There is some debate as to whether opportunity costs can in fact be negative. The argument goes that opportunity costs are the profit foregone from choosing the next best alternative. The key concept in this argument is “the profit foregone” not the cost foregone. But this approach fails to consider the possibility that an investor could easily be faced with the choice between making an investment or paying down a loan. When a liability or debt is involved, then the choice changes from “what is the lost opportunity of not making a particular choice” to “what is the potential realized loss from not taking a certain action?”
Perhaps an example will help. Let’s say you have $10,000 to invest and are able to purchase a fixed income investment that will pay you 5% annually, giving you $500 per year. At the same time, let’s say you have a mortgage on your house that is costing you 7% annually. If you use the $10,000 to help pay down the mortgage instead of investing it, you are saving 7% in interest expense, or $700. In other words, by paying down the principal on the mortgage by $10,000, you won’t have to pay 7% on this borrowed money, saving yourself $700 a year, which is the same thing as earning $700.
So here you are faced with an opportunity cost that could potentially be negative. How? Because the 7% rate of borrowing is higher than the 5% investment return, if you chose to make the investment instead of paying down the loan you will have a negative opportunity cost at the end of the year. $10,000 at 7% is $700 in interest expenses on the mortgage, while $10,000 at 5% is $500 in income from the investment. By not using the money to pay down the mortgage, the opportunity cost is $200 in net interest expense. This is a negative opportunity cost. It is $200 out of your pocket as a cost, rather than a foregone profit.
Using our earlier calculation for opportunity cost you get:
Opportunity cost of not paying down the mortgage: ($700) / $500 = ($1.40) per year
In words, for every dollar you earn from the investment, you sacrifice the opportunity to reduce debt by $1.40 over the course of a year.

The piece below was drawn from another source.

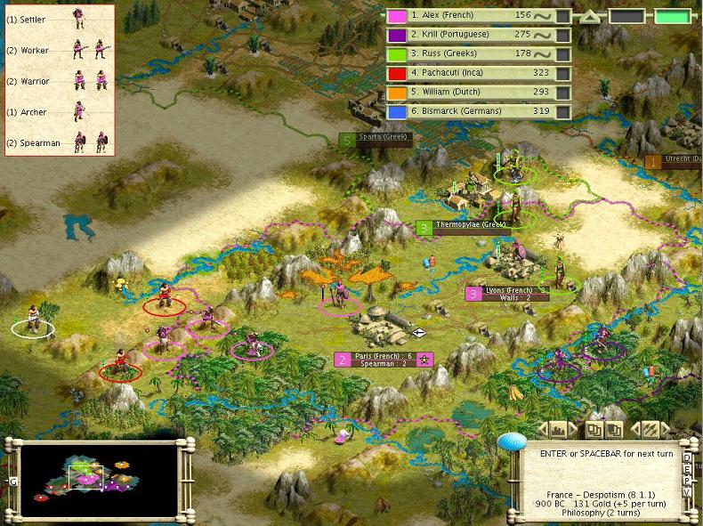 A few turns after that, Russ' Hoplite/Archer pairs showed up and started pillaging as well. Managed to hook up iron by building a colony, and paid the AI gpt for a loan to upgrade 3 Warriors to Swordsmen. All 3 Swordsmen died attacking a single Hoplite.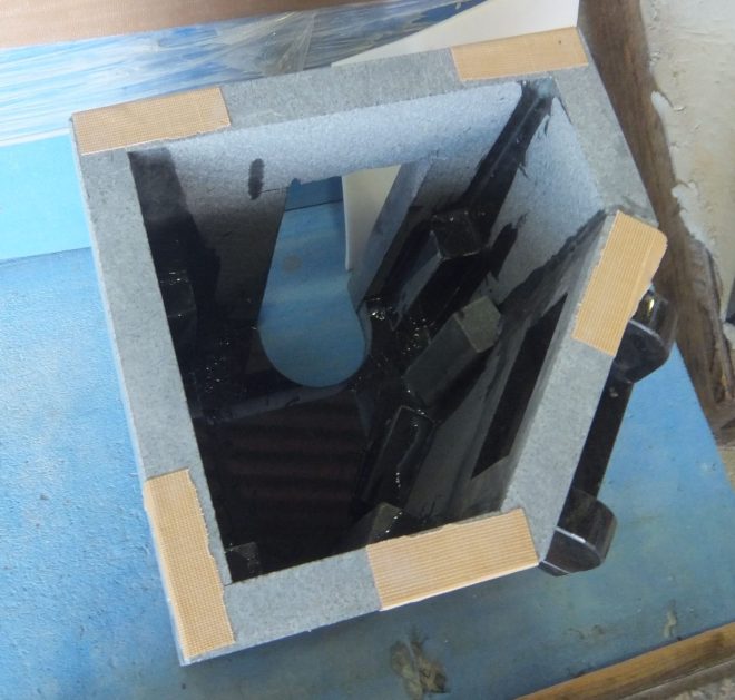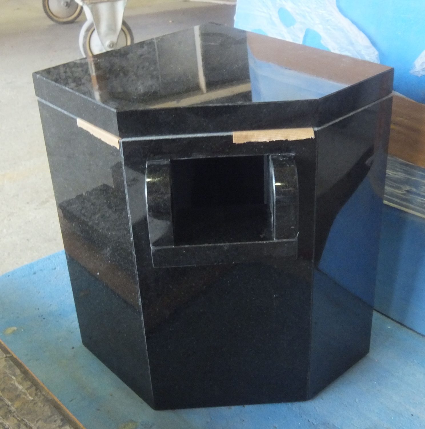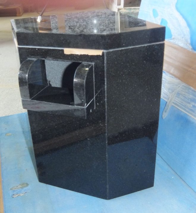 今日の工場では、山西黒(さんせいくろ)御影石を使用した吐水口(とすいこう)の製作をしていました。

The cost is negative for two reasons. First, every dollar of investment is insufficient to cover the interest you are paying by $0.40. Second, every dollar of return on your investment is offsetting the interest expense as well.
In our example above if the investment had a return of 5% and the loan had an interest rate of 5% then the opportunity cost would be zero. The return would offset the interest expense and the investor would be no better or worse off from making one decision over another.